By on October 3, 2016

SAN JUAN—The Commission for the Comprehensive Audit of the Public Credit released Monday a new preliminary report that raises serious questions about the $673 million debt issuance conducted by the Puerto Rico Electric Power Authority (Prepa) on Aug. 21, 2013. While there has been no communication between the commission and the fiscal control board established by Promesa, the document will also be sent to the board for its consideration.

As first reported by Caribbean Business, the pre-audit report questions the actions of the utility, its auditors and advisers, including the Government Development Bank (GDB), and the underwriters who carried out the transaction. The document shows concern over possible conflicts of interest—including from URS Corp., Prepa’s consulting engineers since 1945—as well as highly optimistic projections by the authority, and supported by its advisors and auditors, that never materialized.

The debt audit commission president and union leader, Roberto Pagán, said Monday that the “serious findings” raised by the report reiterate the need to begin a formal auditing process.
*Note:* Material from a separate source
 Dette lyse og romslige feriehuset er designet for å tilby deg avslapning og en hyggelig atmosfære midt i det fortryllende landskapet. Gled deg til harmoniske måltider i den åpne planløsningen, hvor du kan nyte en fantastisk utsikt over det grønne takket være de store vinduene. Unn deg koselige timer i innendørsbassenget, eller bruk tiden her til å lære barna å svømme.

However, of the $2.5 million assigned to the commission in the fiscal 2016 budget, only $300,000 has been received. Said sum was disbursed by the Treasury Department “about three weeks ago,” said Pagán, who added that these resources will help in hiring attorney Alvin Velázquez, who was named last week as executive coordinator of the commission. Velázquez currently works for the Service Employees International Union.

The Senate provided $100,000 to help in the commission’s work, an amount that former House Speaker Jaime Perelló said he would match. However, the lower chamber has yet to disburse the money, and it is not known when the commission will receive those funds, as well as the rest of its budgetary allocation. Under the current fiscal year’s budget, the commission wasn’t assign additional resources.
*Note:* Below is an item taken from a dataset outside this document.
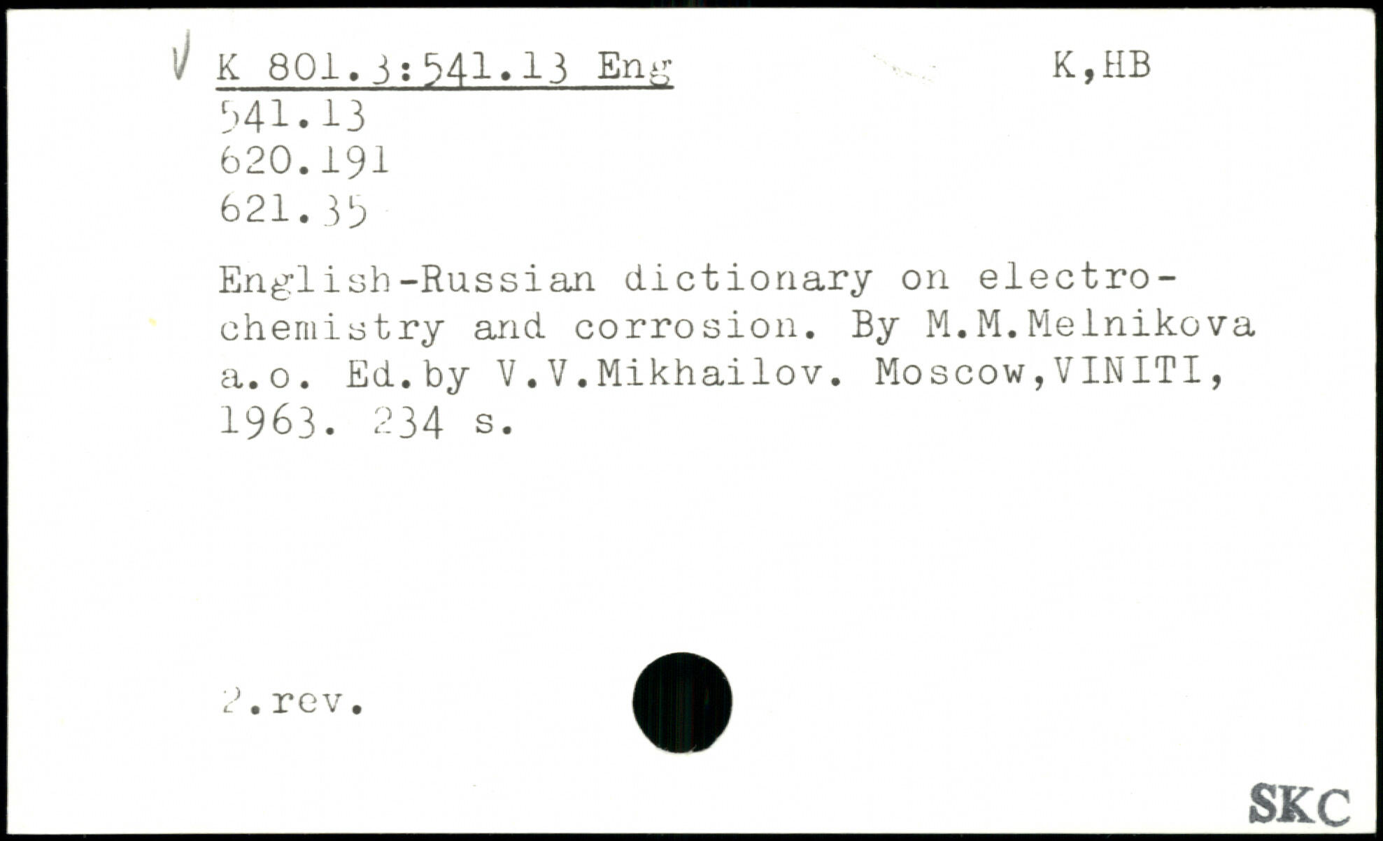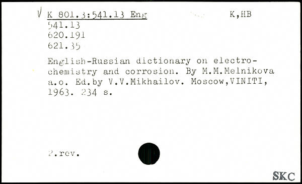 English-Russian dictionary on electrochemistry and corrosion. By M.M.Melnikova a.o. Ed.by V.V.Mikhailov.

When asked by Caribbean Business on how the group hopes to work with Promesa’s fiscal board, Pagán said they expect to “complement each other in some degree” and that “to the extent that the [fiscal] board can provide information to the commission, that can help speed up the work.” He also noted that both have different roles to play, and that the commission’s work will continue.

From early June to mid-August, two students from the Hertie School of Governance in Berlin—Katja Litz and Ricardo Puga y Vidals—analyzed Prepa’s 2013 debt issuance based on public documents and interviews with current and former officials of both the utility and the GDB. Among those who were interviewed were Luis Aníbal Avilés, a former Prepa board chairman under the Aníbal Acevedo Vilá administration; Fernando Padilla, adviser to the GDB; and José Maeso, executive director of the State Office of Public Energy Policy.

“[The report] could have been deeper if there had been more access to information,” said Puga y Vidals, who along with Litz participated part of the summer internship program at the Puerto Rico Statistics Institute, while working the report under the supervision of the commission.

Meanwhile, Pagán explained that although the debt audit commission has requested privileged information to the government that has yet to be provided, the group wants to obtain the necessary resources before continuing efforts toward receiving information that is not publicly available, such as electronic communications between officials and advisers.

When questioned about the possible legal implications that could arise from the new study, Mario Marazzi, a committee member and director of the Statistics Institute, said it “was not the focus of this second report.”

In its first pre-audit, the commission—which comprises 17 members representing the public and private sectors, academia and labor unions—assessed the $3.5 billion general obligation bonds issued in 2014, as well as the tax revenue anticipation notes, or TRANs, issued in 2015.